I just looked at Brown.

"Book of Prodigals," he said. "It's a hobby of mine, keeping genealogies of all those fallen princes. It's very telling, you know."

"Is it?" I wasn't really sure of what else to say. If I had had a genuine legal problem, I might have been annoyed by this digression. As it was, I thought it might be better than filling out the form. I let Brown go on.

"Yes, indeed. You may think that genealogy has little importance in this modern age, but many Prodigals still carry traits of their ancestors in one form or another." Brown looked me over for a moment. "You, for example, I would guess are one of those rarities, a flyer. You have a strong affinity for the air, either moving through it or smelling and tasting it." Brown made several marks on the form. "I'd also guess that you're pretty solitary, even among your own."

"All that from just a name?" I asked, neither acknowledging nor refuting the description.

"From just the name," Brown assured me with a look of pride. "Of course, there are well over a hundred names and attributes to keep straight in your head. I know most of the higher demons, but it's Albert who has all of them memorized perfectly."

"Mr. Scott-Beck?"

"Yes. The man has the memory of a mastodon." Brown turned back to the form. "Family?" he asked just as I had again begun to draw in curious tastes of the air in the office.

"No," I replied.

"None?" Brown seemed unable to credit this. "Certainly you have parents?"

"Both dead."

"Oh. Was it the Inquisition?" Brown asked with an unnatural gentleness in his voice. I could imagine him practicing that tone at night while flipping through the evening paper.

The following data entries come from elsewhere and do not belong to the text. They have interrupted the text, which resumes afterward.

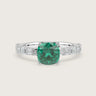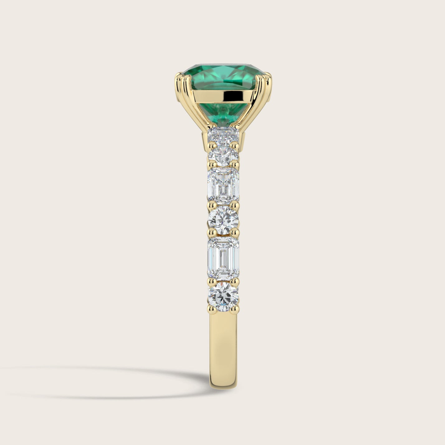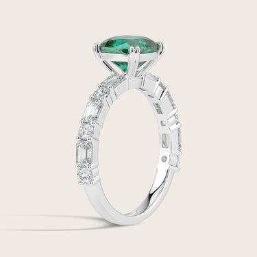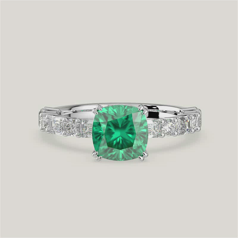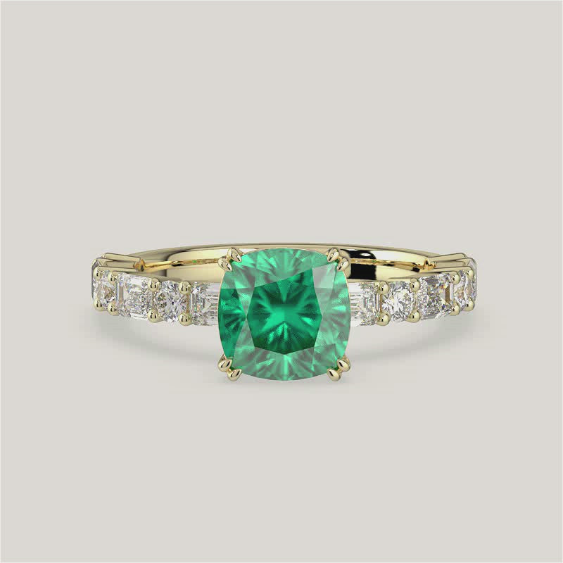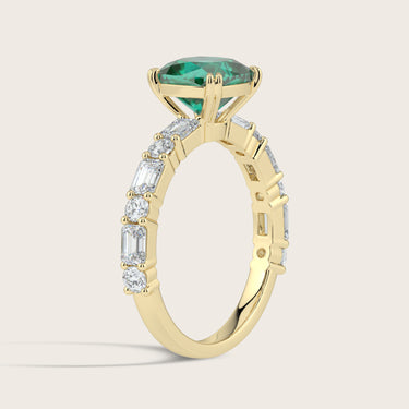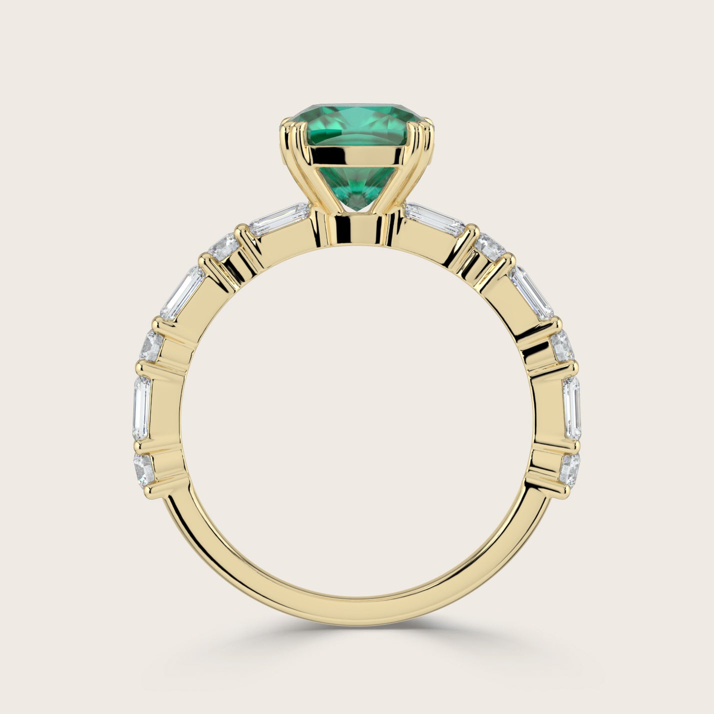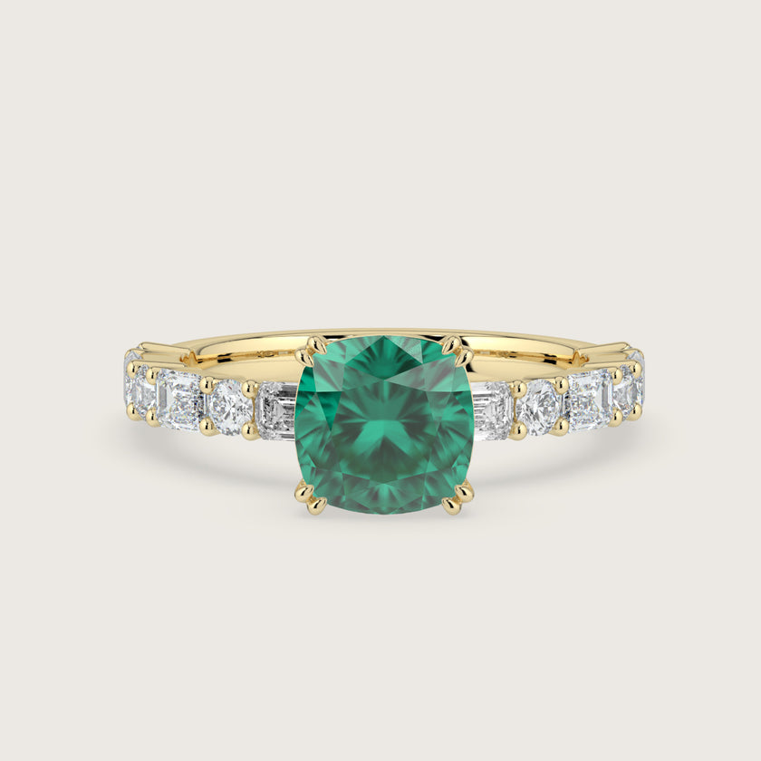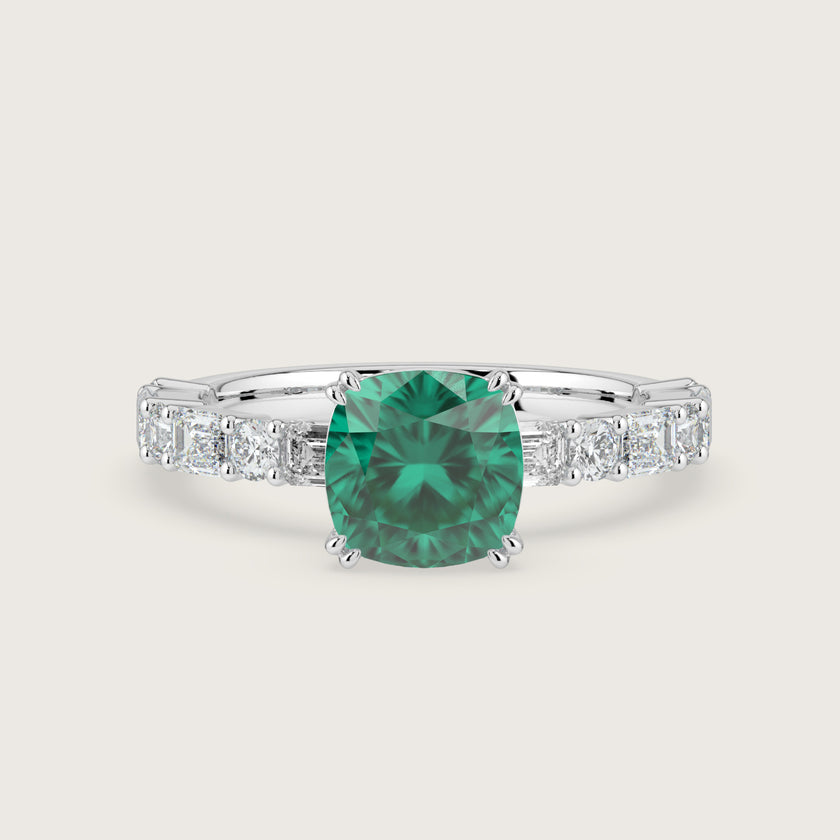 Edith, Cushion Cut Emerald Ring with Round & Baguette Pavé
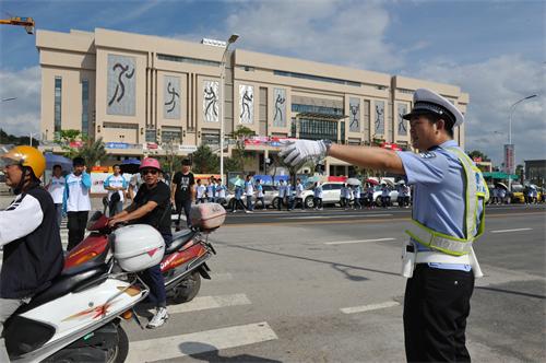 中午1时,在中恒体育场正门前,交警唐苏辉已经在忙碌着指挥来往的车辆。他身着执勤警服,穿着反光衣,头戴白色警帽,双手戴着一副白手袜。他用手势指挥着交通,根据车流人流情况,时而放行车辆,时而指挥车辆停止前进,礼让行人先行通过。在他指挥下,体育场正门前道路的车辆有序地通行。
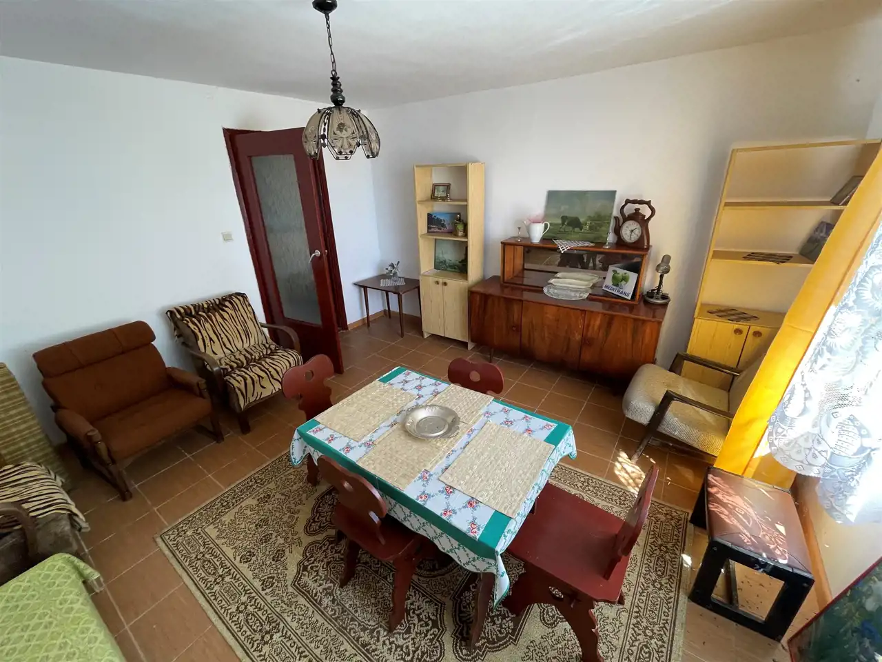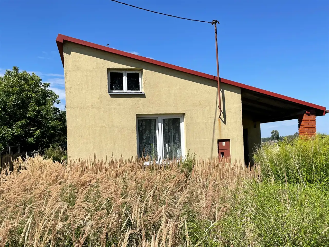 Okna PCV. Dach po modernizacji kryty blachą. W pokojach na podłogach płytki.
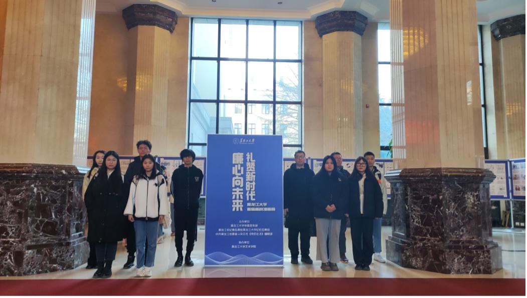 部分师生党员及部分入党积极分子,作为全校首支二级党组织参观队伍前往主楼大厅参观由校党委宣传部、省纪委监委驻果冻传媒

"No," I replied, though it was half a lie. "My father was killed after a mine collapse." The explanation had been my mother's way of lifting the criminal nature out of my father's execution for sabotaging the Wellton mining company. "My mother drowned during the sewer floods twelve years ago."

"And you have no one else?" Brown pressed.

"May I ask why you need to know?" I didn't mean to sound irritated, but the elusive smell in the room and the memory of my mother's bloated dead body had twisted into a single presence. Repulsion and sorrow for a moment made me wish to just get up and leave the room. I held my breath against the smell in the air and the feeling passed.

"We need someone to contact in case you're summoned to court and we can't find you," Brown explained.

"I see." I frowned. "I can't think of anyone. You'd just have to leave a word at my residence."

"And where is that?" Brown skipped down several spaces on the form.

"For now, the Good Commons Boarding House, in Hells Beow." I watched Brown carefully as I gave my answer.

"Good Commons." He smiled just slightly at the corners of his mouth as he wrote the name. "Yes, I believe I know where that is." He didn't pause long enough to take a breath before asking, "So, do you already have a criminal record?"